**Prompt:** Below are records; reproduce exactly the lines from the one that has "(本网讯)12月5日,招生与" through the one that has "10 цен на Коврик", ends included, and nothing more.

**Data in this exercise:**
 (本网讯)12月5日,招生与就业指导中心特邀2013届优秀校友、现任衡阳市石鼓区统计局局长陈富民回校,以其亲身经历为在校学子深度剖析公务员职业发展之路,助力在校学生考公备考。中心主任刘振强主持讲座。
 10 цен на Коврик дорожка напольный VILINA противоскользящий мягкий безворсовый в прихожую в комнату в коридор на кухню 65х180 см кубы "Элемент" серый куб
==
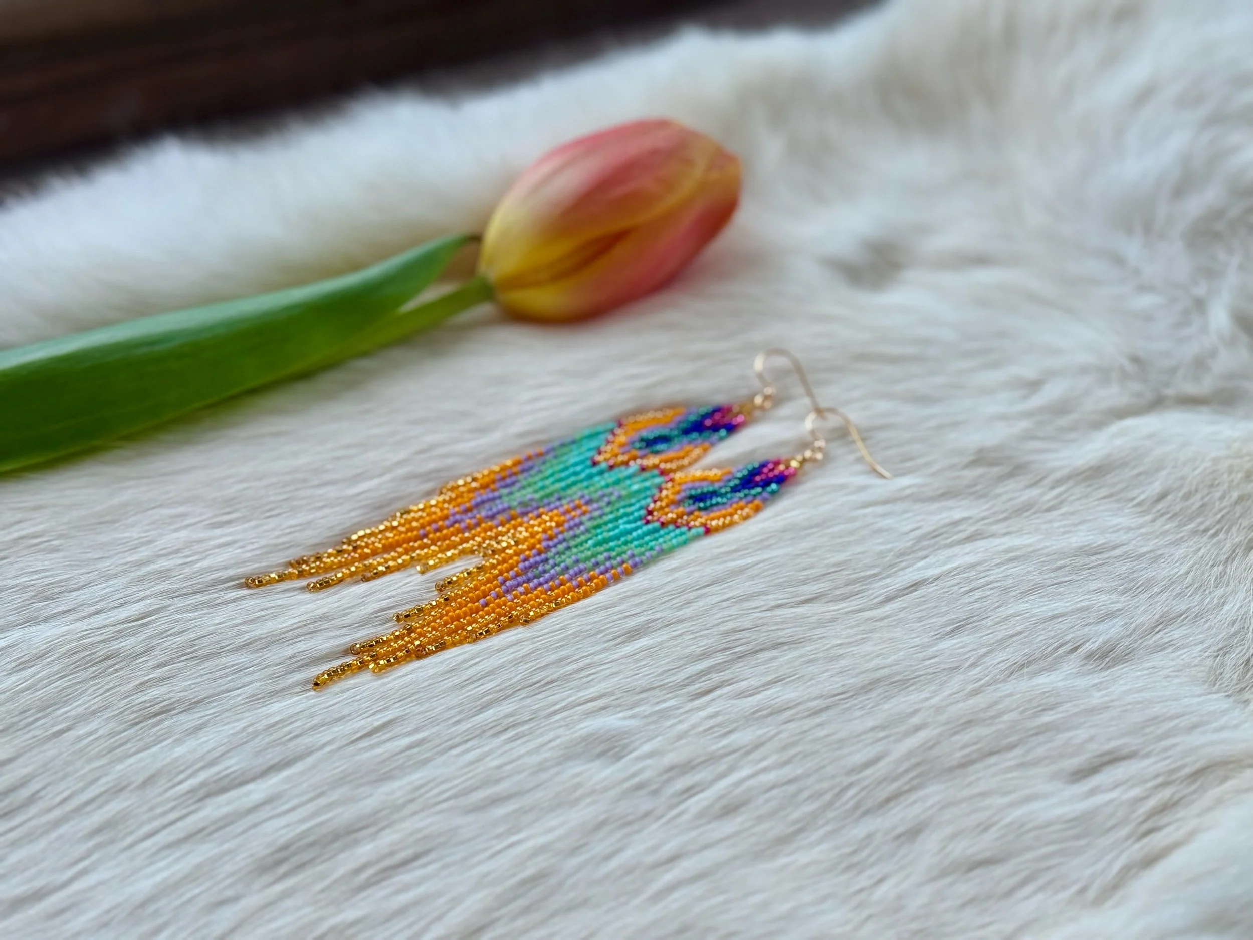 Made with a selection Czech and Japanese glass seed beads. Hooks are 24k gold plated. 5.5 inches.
--
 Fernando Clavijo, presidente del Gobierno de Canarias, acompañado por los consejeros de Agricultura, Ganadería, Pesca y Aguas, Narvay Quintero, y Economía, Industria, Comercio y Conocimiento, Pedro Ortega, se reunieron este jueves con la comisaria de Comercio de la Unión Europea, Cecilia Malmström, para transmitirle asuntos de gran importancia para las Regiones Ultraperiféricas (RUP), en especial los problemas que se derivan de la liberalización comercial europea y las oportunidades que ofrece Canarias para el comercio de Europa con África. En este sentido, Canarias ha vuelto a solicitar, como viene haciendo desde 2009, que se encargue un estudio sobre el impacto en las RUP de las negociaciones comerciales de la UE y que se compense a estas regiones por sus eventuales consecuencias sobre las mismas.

**Solved problem:**
 (本网讯)12月5日,招生与就业指导中心特邀2013届优秀校友、现任衡阳市石鼓区统计局局长陈富民回校,以其亲身经历为在校学子深度剖析公务员职业发展之路,助力在校学生考公备考。中心主任刘振强主持讲座。
 10 цен на Коврик дорожка напольный VILINA противоскользящий мягкий безворсовый в прихожую в комнату в коридор на кухню 65х180 см кубы "Элемент" серый куб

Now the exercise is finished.